14:55 May 30, 2012 by GLO
Good, Rapeist & Terrorist. What a DIRT BAG........
15:56 May 30, 2012 by strixy
As far as I'm concerned both women wanted to have sex with him. When a condom broke, one of them wanted to force Assange to test himself (but she did not object to carrying on in the moment...). He refused, she got scared. She was told that the only way of getting free antiretroviral treatment is to be a victim of rape. This is the treatment that you administer after exposing yourself to HIV infected substance and it has around 86-90% of success in preventing infection (it makes it impossible for the virus to connect with human cells).

However, this treatment to be effective has to be administered within 72 hours after exposure. No test will tell you if you have HIV 72 hours after exposure. So, unless raped, she would have had to pay for the treatment herself... .

I admire Assange because he dares to show the truth. People nowadays are to mentally lazy to even care about what is going on underneath the surface. Especially in Scandinavia the debiliation of society is apparent - fat paycheck and holiday in Spain is everything people care about. Shame on you.
16:52 May 30, 2012 by Abe L
So much for innocent until proven guilty. People should not ever get extradited based on charges without a conviction. Or in general people should not get extradited to foreign countries based THEIR interpretation of sex crimes.

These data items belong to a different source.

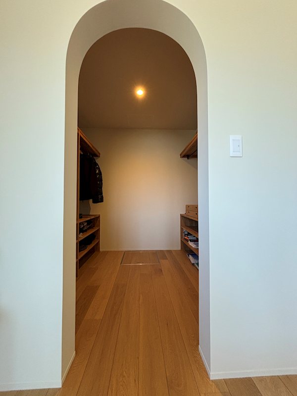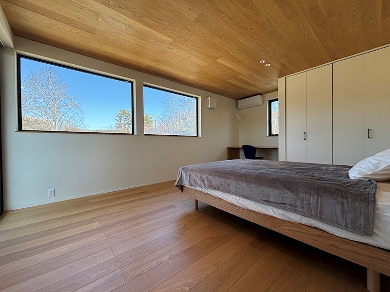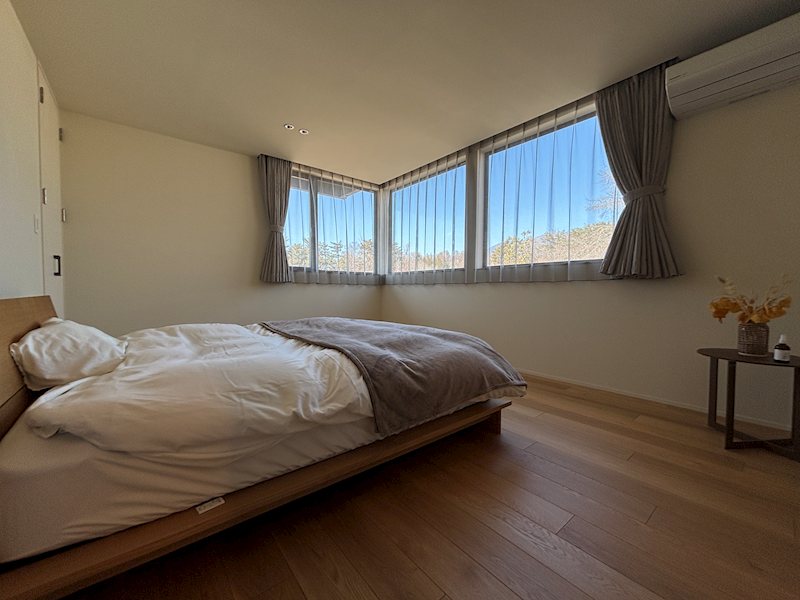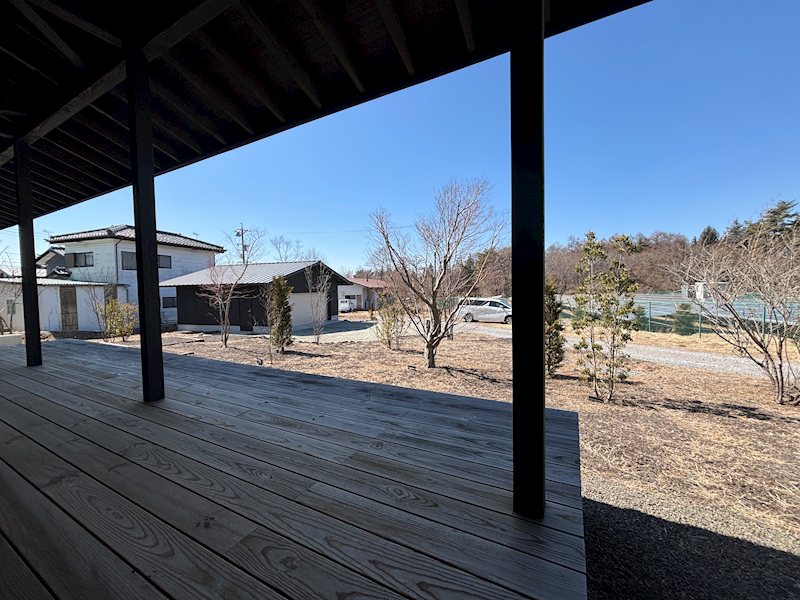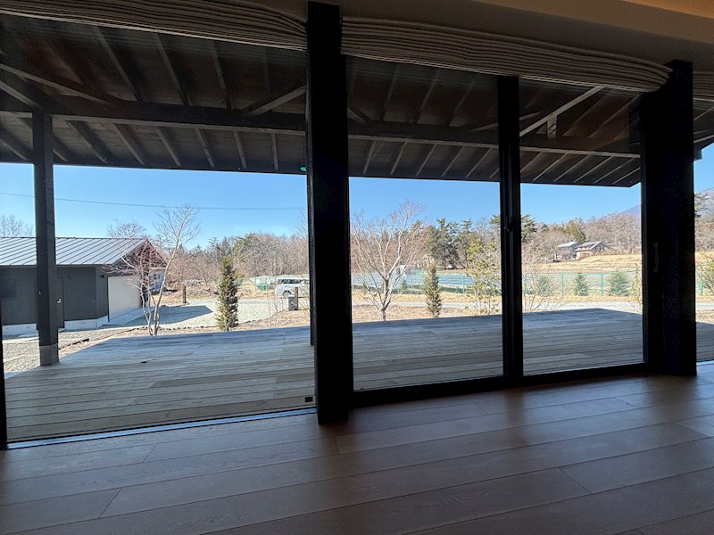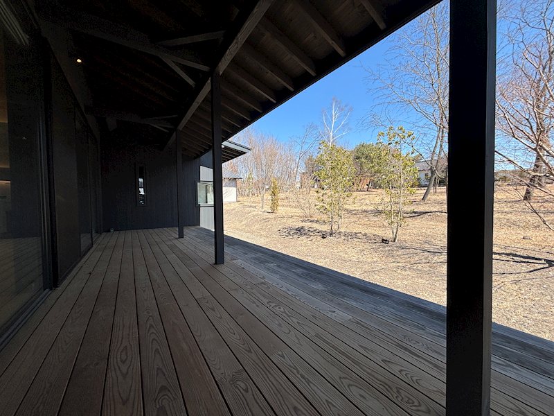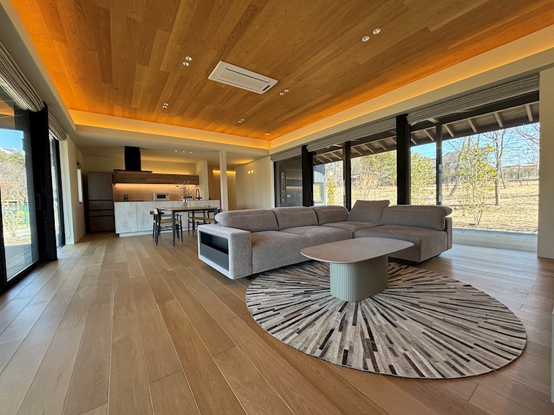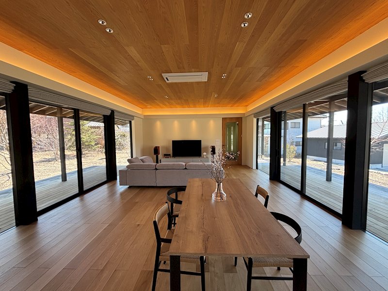私たちがこの家を建てる際に最も大切にしたのは、「自然と景色を楽しむこと」でした。浅間山の眺望や庭の美しさが主役になるような、控えめで上質な佇まいを目指しました。リビングは、東西両面に設けた6mの大開口から深い軒とウッドデッキで室内と庭をシームレスにつなげ、庭の中にリビングがあるような空間を目指しました。夜はグレアレスダウンライトと間接照明が癒しの空間を演出します。細部のディテールまで、職人さんの技と私たちの思いを込めて丁寧につくった家です。御代田の豊かな自然と、この静かで上質な時間を引き継いでくださる方にお譲りできれば嬉しく思っております。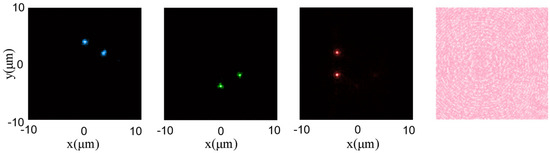 We designed a metasurface with a diameter of 32 μm × 32 μm and a focal length of 10 μm. The focusing field results of B, G, and R wavelengths are obtained by full-wave simulation software. It can be seen from Figure 6 that the position arrangement of the focal spot is almost the same as the theoretical design (4 microns from the origin, hexagonal distribution), the maximum position error is only about 0.31 λ, and the stray light is small and the energy is concentrated.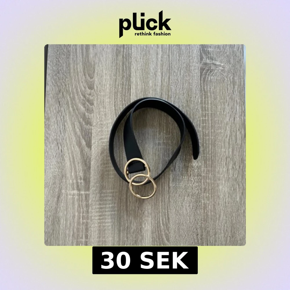 Snyggt svart bälte med två stora, runda guldfärgade ringar som spänne. Bältet är i slät skinnimitation och har en stilren, modern look som passar till jeans eller klänning. Perfekt accessoar för att lyfta din outfit med en cool detalj.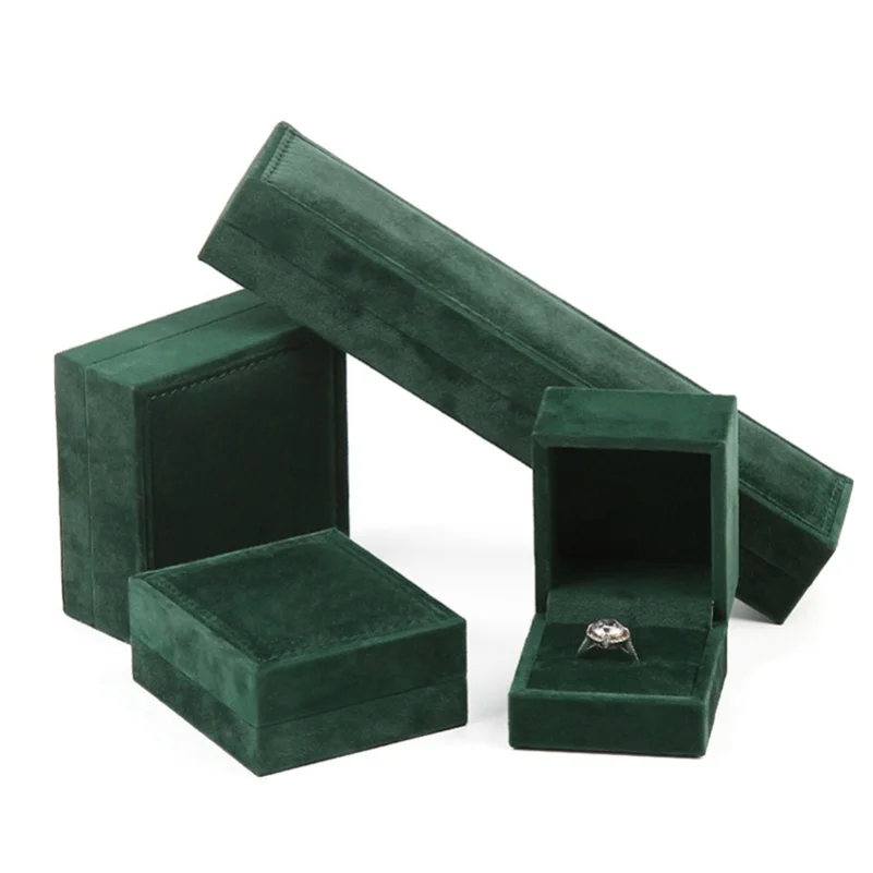 Customized Logo Wholesale Plastic Velvet Cover Square Elegant Velvet Jewelry Box for Ring Earrings Pendant Bracelet Necklace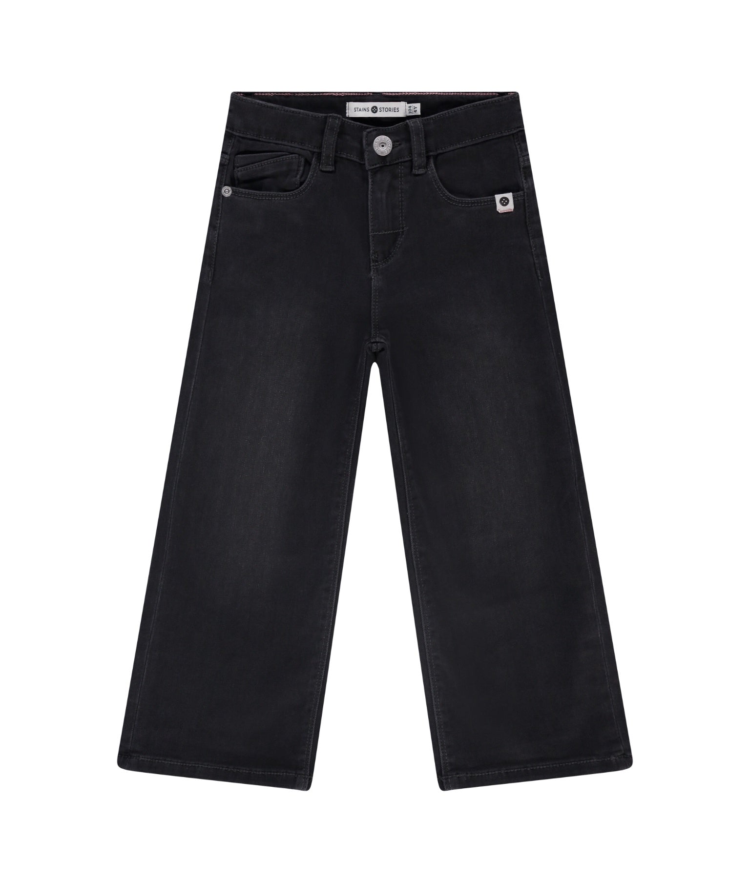 The denim you need to know about, Babyface Stains & Stories! On trend wide leg denim with the softness you will remember and come back to over & over again! Dark charcoal grey denim with coordinating stitch detail allows you to wear these dressy or casual in a pinch. Classic five pocket styling with belt loops, adjustable waist, hidden hook & eye closure & zip fly.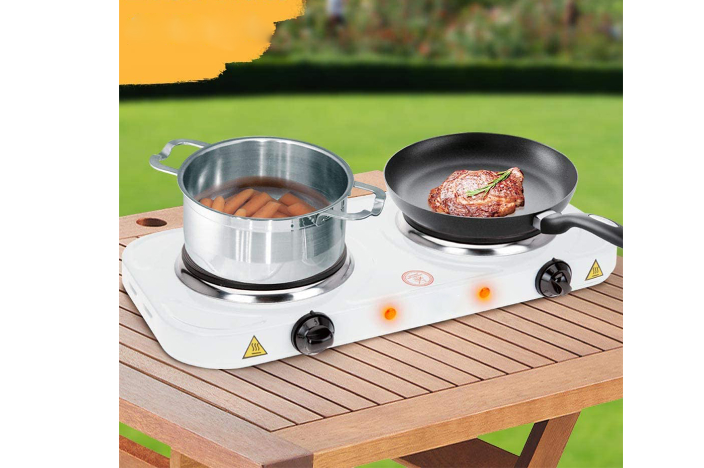 Fornello elettrico doppia piastra per cuocere cibi anche all'aria aperta, per esempio in campeggio! Grazie all'elevata resistenza, questa piastra garantisce ottime prestazioni, consumi ridotti e massima affidabilità.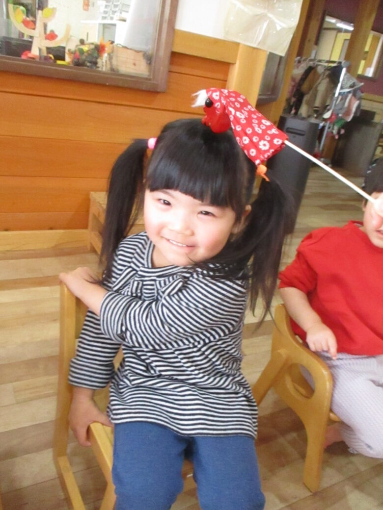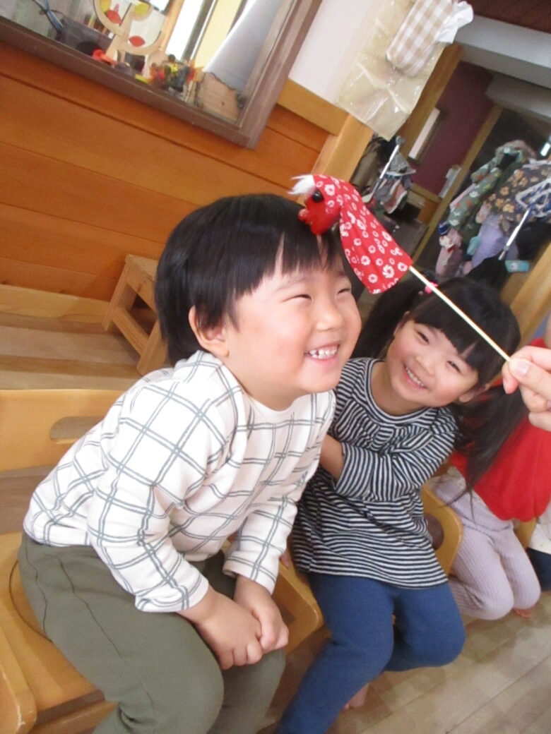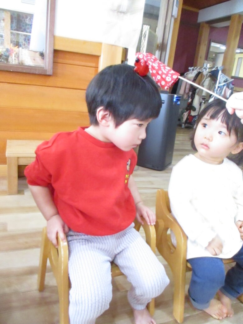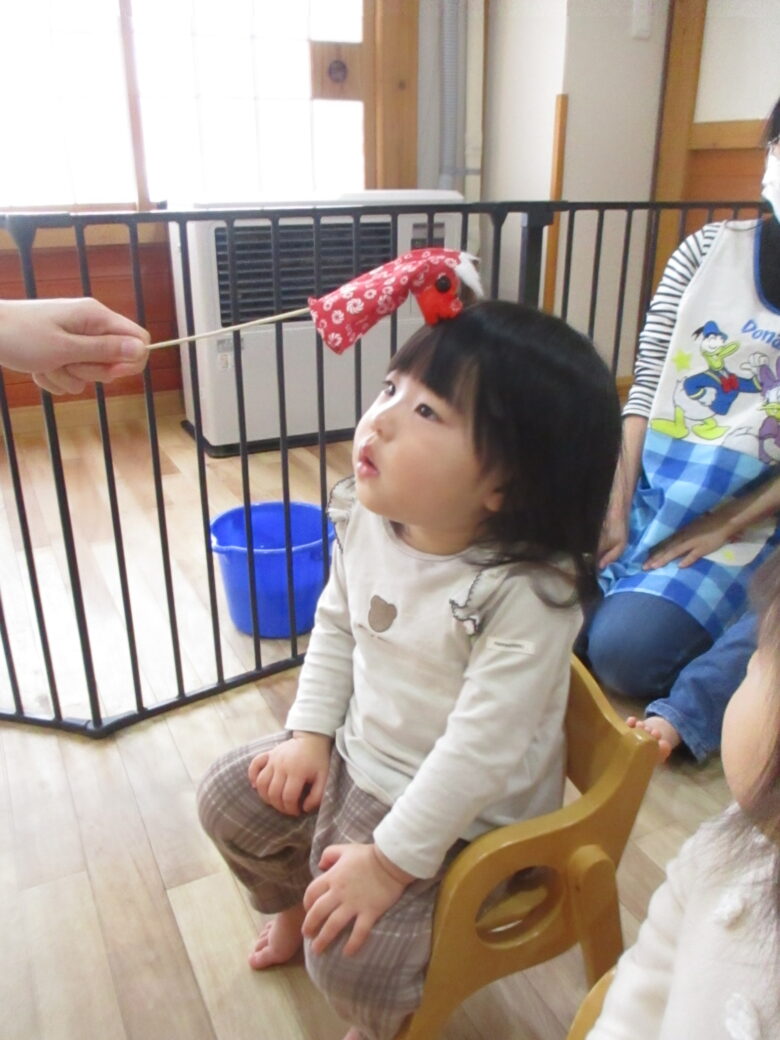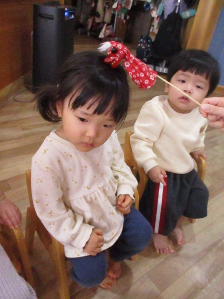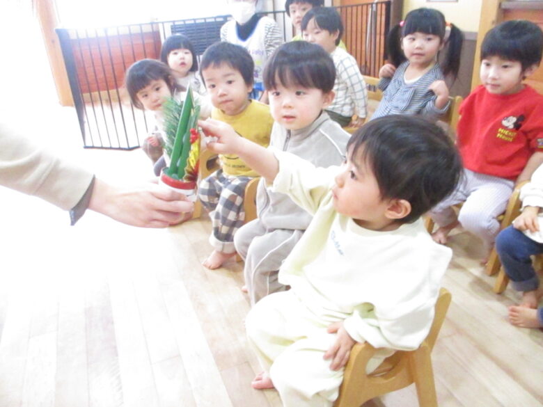 お正月の飾りにも興味を持って貰えるように、触ってみましたよ!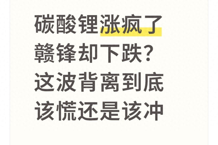 天猫配资网官网 碳酸锂涨疯了赣锋却下跌? 这波背离到底该慌还是该冲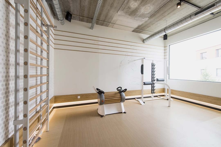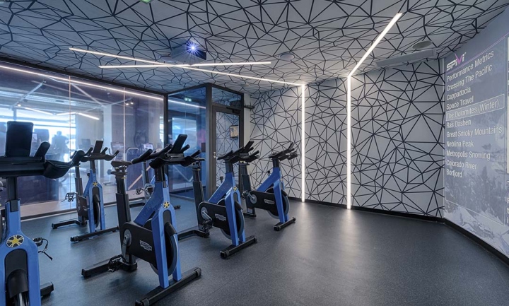 在走廊上,灵感来自运动轨道的明亮线条从天花板上暂停,标志着主要交通工具。气氛正在蓄意激励和激励。在运动员在氧气条件下训练的“高空”房间中,几何图案让人联想到现代化的冰晶,散发着非常冷的照明条件的动态光线。
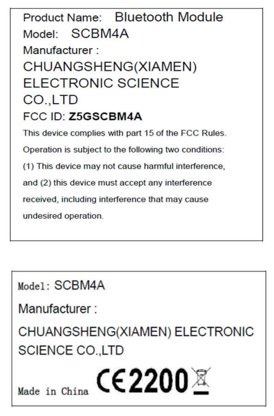 following text: "Contains FCC ID: Z5GSCBM4A”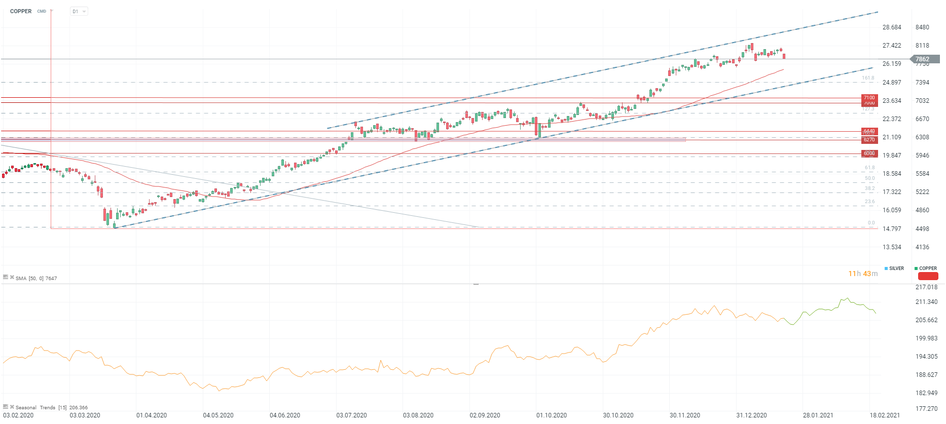 Warto zauważyć, że cena znajduje się najniżej od 11 stycznia i nie doszło w ostatnim czasie do wyznaczenia nowego wyższego szczytu. Dopiero przebicie dołka z 11 stycznia dawałoby nowy niższy dołek, co mogłoby przedłużyć korektę w okolice 7600, czyli do 50 dniowej średniej. Kluczowe wsparcie w okolic 7400, gdzie znajduje się dolne ograniczenie wzrostowego kanału trendowego oraz zniesienie 161.8 cofnięcia z początku pandemii. Warto również zauważyć, że sezonowość zakłada lokalny dołek w najbliższych dniach. Źródło: xStation5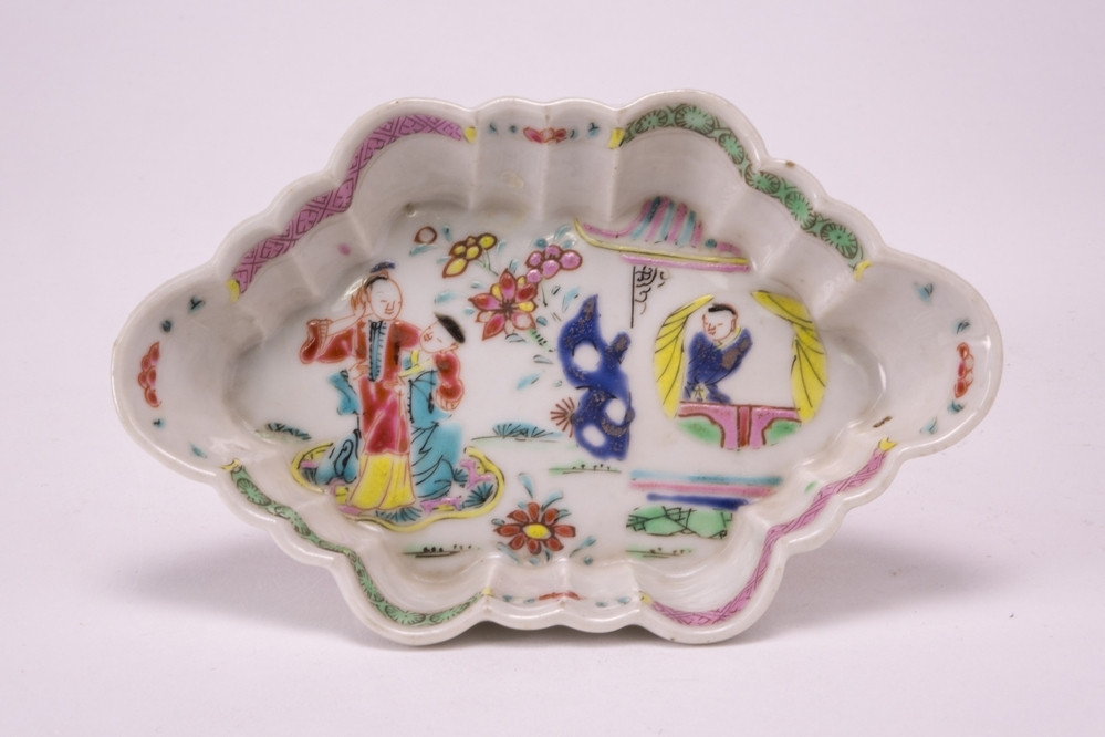 Keramiekmuseum Princessehof Kop en schotel met golvende rand en decor van bloem- en bladmotieven, 1 van 12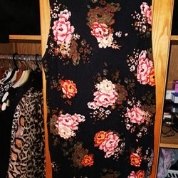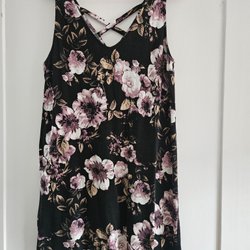 A stretchy black Lindex tank top with floral pattern in pink and green, size. L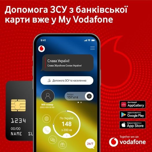 Підтримати Збройні Сили України з додатком My Vodafone стало ще простішеУ Vodafone додали можливість переказу коштів з банківської картки.

Extradition is for real criminals who are guilty of genocide or similar level crimes.
21:44 May 30, 2012 by Tarc the Mexan
Someone should just put a bullet through that rapist's neck already, he's wasted enough taxpayer money on his vain attempts to exonerate himself.
00:21 June 2, 2012 by carolannusa
If people would look at the facts in the Assange case in a rational matter, they would see the string of irregularities committed by the Swedish police and prosecution, not the least of which is that the prosecutor failed to interview Mr Assange although he voluntarily stayed in Sweden for some weeks (and had been interviewed by the police at the end of August 2010). Mr Assange left Sweden with the permission of the prosecutor who then proceeded to move to obtain an arrest warrant against him. She continues to give no explanation as to why she did not question him and has continued to refuse to interview hum through the perfectly valid Mutual Legal Assistance. She seems to break her own rules that sexual offences should be dealt with quickly. The Supreme Court only allowed the argument on one point of law, but there were several points raised by Mr Assange's attorneys that should have been argued as well.
02:00 June 2, 2012 by Dagem Hailemariam
It is retarded to think that a prosecutor has the right to issue any kind of warrant. The reality is that a judge is the only impartial party in a court case. One side is the defense team and the other side is the prosecution.